Claims
- 1. A multi-processor unit comprising:
a set of processing clusters; a data ring coupled to each processing cluster in said set of processing clusters; a snoop controller adapted to process memory requests from processing clusters in said set of processing clusters; and a snoop ring coupled to said snoop controller and each processing cluster in said set of processing clusters.
- 2. The multi-processor unit of claim 1, including:
a set of point-to-point links, each coupling a respective processing cluster in said set of processing clusters to said snoop controller, wherein each processing cluster in said set of processing clusters provides said memory requests to said snoop controller via a point-to-point link in said set of point-to-point links.
- 3. The multi-processor unit of claim 1, wherein each processing cluster in said set of processing clusters includes:
a set of compute engines; and a set of cache memory coupled to said set of compute engines, wherein said set of cache memory includes:
a set of first tier cache memory coupled to said set of compute engines; and a second tier cache memory coupled to each first tier cache memory in said set of first tier cache memory, said data ring, and said snoop ring.
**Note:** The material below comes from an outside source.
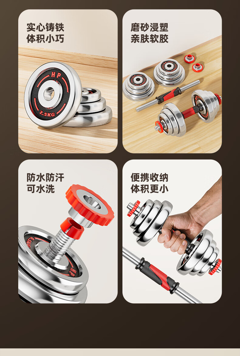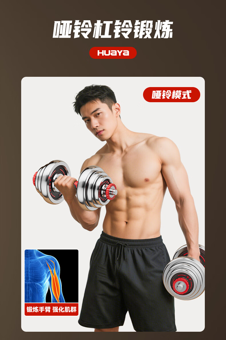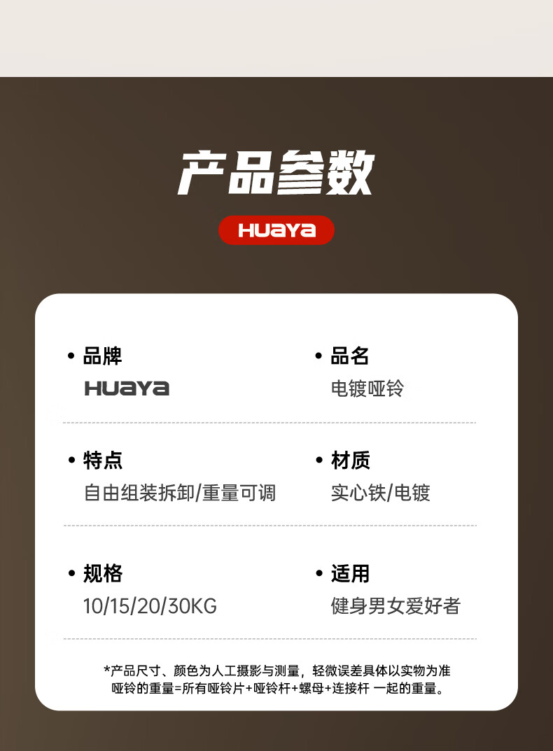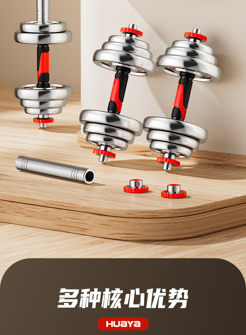 Huaya Electroplated Dumbbell Men's Fitness Home Equipment Arm Muscle Training Adjustable Pure Iron Yaling Set Combination Beginner 15KG One Pair (7.5KG*2 Only) Dumb Barbell Dual-Purpose

- 4. The multi-processor unit of claim 3, wherein said second tier cache memory includes:
a first set of request queues coupled to said set of first tier cache memory; and a snoop request queue coupled to said snoop ring.
- 5. The multi-processor unit of claim 4, wherein said second tier cache memory includes:
request selection logic coupled to said first set of request queues, said snoop request queue, and a fill request from said data ring.
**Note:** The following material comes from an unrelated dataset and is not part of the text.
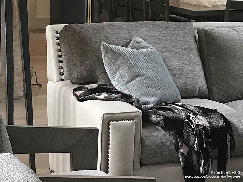 Living Room Detail - Custom sofa with leather, chenille, and nail trim.

- 6. The multi-processor unit of claim 4, wherein said first set of request queues maintains a set of memory request entries corresponding to memory requests from said set of first tier cache memory, wherein a memory request entry in said set of memory request entries includes:
a dependency field identifying memory access operations for said second tier cache memory to perform before servicing a memory access operation identified by said memory request entry.
- 7. The multi-processor unit of claim 4, wherein said first set of request queues maintains a set of memory request entries corresponding to memory requests from said set of first tier cache memory, wherein a memory request entry in said set of memory request entries includes:
a sleep field indicating whether said memory request entry has been placed in a sleep mode, wherein said sleep mode prevents said memory request entry from being serviced by said second tier cache memory.
- 8. The multi-processor unit of claim 4, wherein said second tier cache memory services memory request entries in said first set of request queues based on a set of programmable criteria.
- 9. The multi-processor unit of claim 8, wherein said set of programmable criteria includes a time period a memory request entry has been pending in said first set of request queues and a type of operation specified by a memory request entry in said first set of request queues.
- 10. The multi-processor unit of claim 4, wherein said snoop request queue maintains a set of snoop request entries corresponding to requests made by said snoop controller, wherein a snoop request entry in said set of snoop request entries includes:
a cluster field identifying a processing cluster that issued a first memory request corresponding to said snoop request entry, a memory request field identifying said first memory request, an identification field identifying said snoop request entry, an address identifying a requested memory location, and an opcode field identifying a type of snoop request.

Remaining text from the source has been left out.